I'm writing a stateful server in Clojure backed by Neo4j that can serve socket requests, like HTTP. Which means, of course, that I need to be able to start and stop socket servers from within this server. Design-wise, I would want to be able to declare a "service" within this server and start and stop it.
What I'm trying to wrap my mind around in Clojure is how to ensure that starting and stopping these services is thread-safe. This server I'm writing will have NREPL embedded inside it and process incoming requests in a parallel way. Some of these requests will be administrative: start service X, stop service Y. Which opens up the possibility that two start requests come in at the same time.
- Starting should synchronously check a "running" flag and a "starting" flag and fail if either are set. In the same transaction, the "starting" flag should be set.
- After the "starting" flag is set, the transaction closes. That makes the "starting" flag visible to other transactions.
- Then the (start) function actually starts the service.
- If (start) succeeds, the "running" and "starting" flags are synchronously set.
- If (start) fails, the "starting" flag is set and the exception is returned.
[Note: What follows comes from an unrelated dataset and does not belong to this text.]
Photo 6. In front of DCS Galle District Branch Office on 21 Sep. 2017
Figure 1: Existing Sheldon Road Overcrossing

Stopping needs the same thing, checking a "running" flag and checking and setting it's own "stopping" flag.
I'm trying to reason through all possible combinations of (start) and (stop).
Have I missed anything?
Is there a library for this already? If not, what should a library like this look like? I'll open source it and put it on Github.
Edit:
This is what I have so far. There's a hole I can see though. What am I missing?
(ns extenium.db
(:require [clojure.tools.logging :as log])
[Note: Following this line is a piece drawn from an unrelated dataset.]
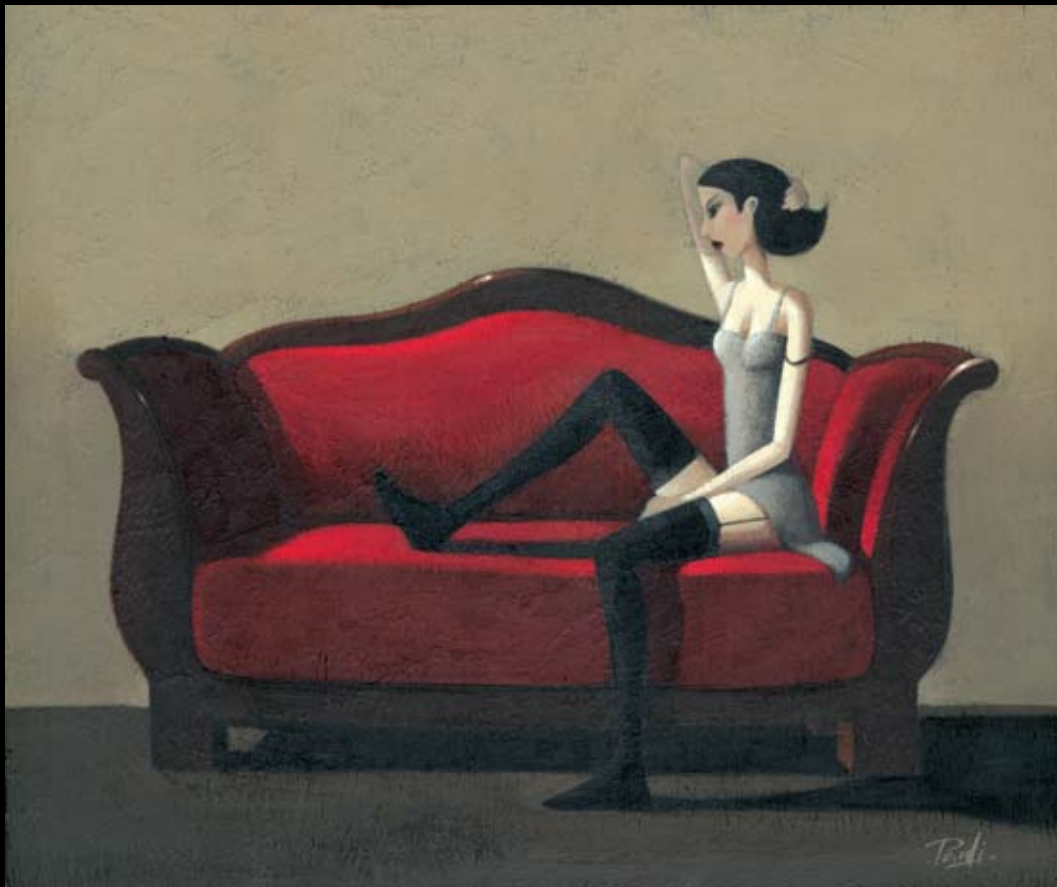
The Casting Couch acrylic on board 28.5 x 24 cm (47 x 43cm)

(:import org.neo4j.graphdb.factory.GraphDatabaseFactory))
(def ^:private
db- (ref {:ref nil
:running false
:starting false
:stopping false}))
(defn stop []
(dosync
(if (or (not (:running (ensure db-)))
(:stopping (ensure db-)))
(throw (IllegalStateException. "Database already stopped or stopping."))
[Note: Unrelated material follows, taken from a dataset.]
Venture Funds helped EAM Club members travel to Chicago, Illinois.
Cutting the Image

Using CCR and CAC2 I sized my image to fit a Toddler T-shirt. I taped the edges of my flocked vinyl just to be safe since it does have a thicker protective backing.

(alter db- assoc :stopping true)))
(try
(log/info "Stopping database")
(.shutdown (:ref db-))
(dosync
(alter db- assoc :ref nil))
(log/info "Stopped database")
(finally
(dosync
(alter db- assoc :stopping false)))))
In the try block, I log, then call .shutdown, then log again. If the first log fails (I/O exceptions can happen), then (:stopping db-) is set to false, which unblocks it and is fine. .shutdown is a void function from Neo4j, so I don't have to evaluate a return value. If it fails, (:stopping db-) is set to false, so that's fine too. Then I set the (:ref db-) to nil. What if that fails? (:stopping db-) is set to false, but the (:ref db-) is left hanging. So that's a hole. Same case with the second log call. What am I missing?
Would this be better if I just used Clojure's locking primitives instead of a ref dance?